Sorry can be such a hard word.  Why is it that it is so hard for me to say sorry to my husband for something genuine but easy peasy for me to say it to a total stranger when I didn't do anything but simply exist?  I am having hard time with this simple word - sorry.  I know it all goes back to my low self esteem and not thinking I am good enough, but I am really trying hard to change that.  I find myself saying sorry to everyone for the littlest things.  You don't feel well today...sorry.  Like it's my fault you caught a cold!  I am typing and my keyboard is too loud....sorry.  I can't control my keyboard people!!  I am good enough dang it.  I am going to learn when it is appropriate - when I freak out when I can't find my keys and accuse my husband of taking them but they are in my purse and when it's not - the kids across the street write all over my driveway (without asking) with sidewalk chalk and I have to drive over their picture to park. 

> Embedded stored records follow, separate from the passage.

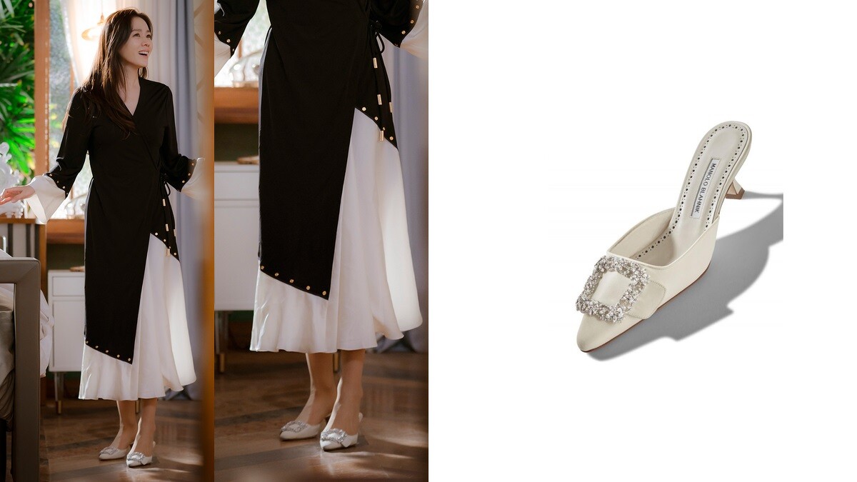 1972年創立於英國的Manolo Blahnik,不僅是被譽為凱莉御用婚鞋品牌,在韓劇《愛的迫降》中,飾演財閥千金尹世理也以經典鞋款Maysale作為居家穿搭,方型的鑽釦設計顯盡奢華、高貴,穿孫藝珍腳上襯托她在劇中女強人的氣場。
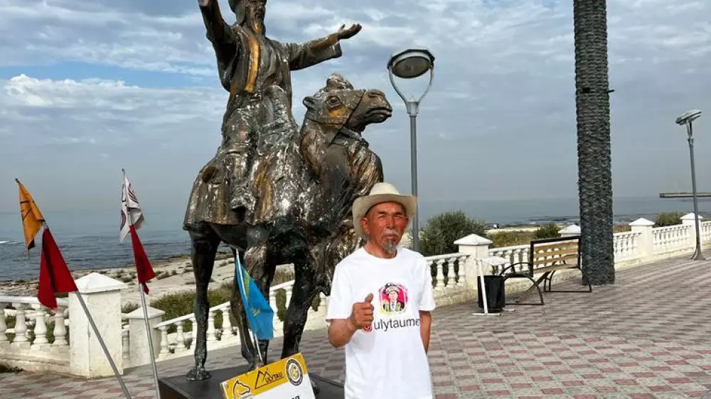 72-летний Сарсенбай Котрашев пешком обошел более 20 городов страны и сегодня добрался до центра Мангистауской области - города Актау, сообщает Центр общественных коммуникаций.
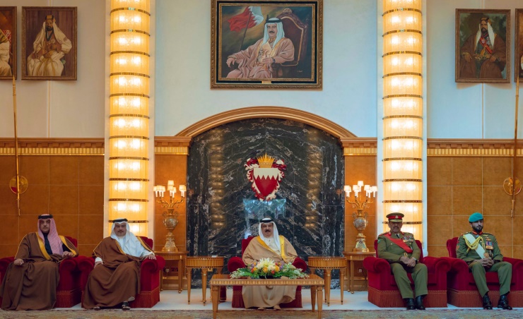 Manama, Feb. 6 (BNA): His Majesty King Hamad bin Isa Al Khalifa, the Supreme Commander, received, in the presence of His Royal Highness Prince Salman bin Hamad Al Khalifa, the Crown Prince, Deputy Supreme Commander and First Deputy Prime Minister, at the Al-Sakhir Palace today, the Commander-in-Chief of the Bahrain Defence Force (BDF), Field Marshal Shaikh Khalifa bin Ahmed Al Khalifa, alongside Defence Affairs Minister, Lieutenant-General Abdulla bin Hassan Al-Nuaimi, Chief of Staff, Lieutenant-General Dheyab bin Saqr Al-Nuaimi and a number of senior BDF officers, marking the BDF’s 52nd Anniversary. They extended deepest congratulations to HM the King on the BDF Day, lauding the constant royal support for the BDF, and praying to Allah the Almighty to protect HM King Hamad so as to continue the glorious march witnessed by the kingdom during his prosperous era. HM King Hamad expressed congratulations and appreciation to all BDF’s officers, non-commissioned officers and servicemen, as well as the citizens on the glorious national occasion. HM the King valued highly the efforts being exerted by the BDF affiliates to protect the kingdom’s achievements, safeguard the citizens’ security and defend national unity with competence, patriotism and authentic determination, stressing that they are the nation’s fortified shield and its source of pride. HM King Hamad affirmed that the BDF Day is a milestone in the kingdom’s history, and that it is advancing year after year thanks to the efforts of its brave personnel. The Supreme Commander stressed that the BDF not only carries out its patriotic duties of the defending the nation valiantly, but also contributes effectively to supporting the kingdom’s comprehensive development march in many fields, citing the distinguished health and housing services it delivers to the citizens. HM the King also highlighted the BDF’s distinguished achievements at the international level, citing the national military football team’s success in winning the seventh edition of the World CISM Military Games in the city of Wuhan, China. The Supreme Commander also praised the BDF’s positive contributions to international military shows, as well as distinguished participation in major national occasions, stressing that the BDF affiliates have always proved their competence and worth in various fields. HM King Hamad expressed thanks and appreciation to the BDF Commander-in-Chief, Field Marshal Shaikh Khalifa bin Ahmed Al Khalifa, for his unwavering efforts and sound leadership that have contributed to advancing the BDF, as well as to the braver BDF personnel for their keenness to carry out their duties with courage and dedication, paying tribute to all servicemen who have served the nation since the BDF’s establishment. HM King Hamad extended congratulations to all brave BDF servicemen who are carrying out their noble duties abroad in defence of justice and peace, in addition to delivering assistance and relief aid to brotherly countries, wishing everyone further success. HM the King, the Supreme Commander, was presented with a commemorative gift from HRH the Crown Prince, marking the 52nd BDF Day. HM King Hamad and HRH the Crown Prince were presented with commemorative gifts from the BDF Commander-in-Chief marking the same occasion.
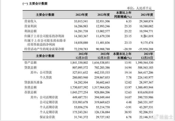 2023年,杭州银行实现归母净利润143.83亿元,同比增长23.15%;基本每股收益2.31元,同比增长26.23%;加权平均净资产收益率15.57%,同比提高1.48 个百分点。
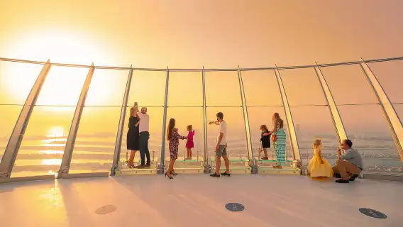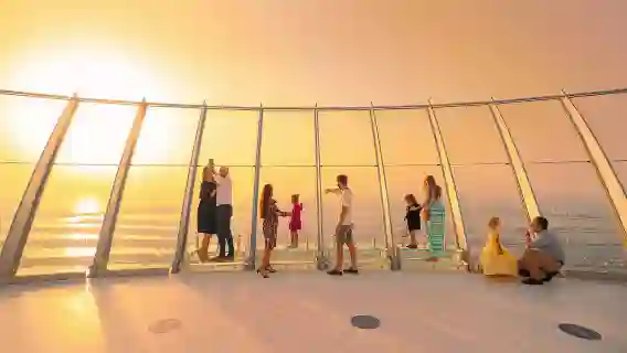 Feel the excitement as you ride in an elevator up to the top of the Palm Tower
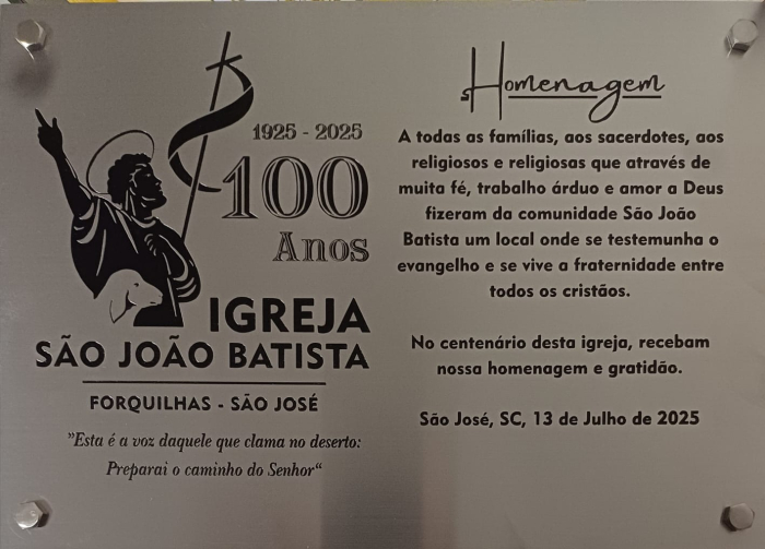 Divulgação A comunidade de Forquilhas, em São José, celebra neste mês os 100 anos da Igreja São João Batista, um dos marcos mais simbólicos da religiosidade e da história local. A missa festiva será realizada neste domingo (13), às 9h30, e marca o ponto alto das homenagens ao centenário da igreja que acompanha, há um século, o crescimento espiritual e comunitário da região.

Wednesday, January 13, 2010

My "Green Zone"

I had my band adjusted on Monday and I think I have finally hit my "green zone".  Every Dr. office and company I am sure calls it something different, but this is where your band is giving you the optimum amount of restriction for weight loss.  Right after surgery I was having a hard time with not losing weight immediately.  I mean I lost some but in my mind I was expecting big things.  I have since realized that with the band surgery vs. gastric bypass my stomach was pretty much the same size for 6 weeks after surgery until my first adjustment.  Since my first adjustment I have definitely seen changes, but nothing like I feel now.  I was only able to eat 2 crackers and some apple slices for lunch today and I felt so full when I was done.  I could have probably not eaten the last 2 apple slices and been perfectly happy....still working on the mental part of changing my eating habits.  But this is very exciting!  I am so happy to be in my "zone"!! 

The Beginning

I can't exactly pinpoint the exact moment I realized that I was fat.  Growing up I always felt different from girls may age, I was taller and developed earlier than most but I wouldn't classify myself as "fat", just slightly overweight - something I thought could change at anytime.  Of course I never made that change so that is how I ended up Fatty McButterpants.  This is a name I have given myself, no one has ever called me that, at least not to my face!  I am one of those people with the self deprecating sense of humor and make a joke out of being fat.  I am not saying it's healthy for my self esteem, but it's what I do.  I feel that if I make a joke about my weight before anyone else can, than they will just forget about it.  I am the funny fat girl. Over time I just realized that I was getting bigger and bigger.  I know what you're thinking....why don't you just stop!  But if you are an overweight person you understand that it is so much easier said than done.  I felt bad about being fat, so ate, the more I ate the bigger I got.  I know it's cliche, but it is vicious cycle.  But that is changing!  I had the REALIZE gastric band surgery on August 10, 2009 and I am saying goodbye to Fatty McButterpants once and for all! 

I am brand spanking new to blogging but decided to do this blog after reading some very inspirational blogs regarding the band surgery.  I know there are a lot people who have had this surgery but I felt like I was all alone on this journey.  I even have a close family member who had the surgery and thought it would be the same, but it's different for everyone.  I hope that my journey can help someone make the choice to get the band.  It was and has been the best decision I have made!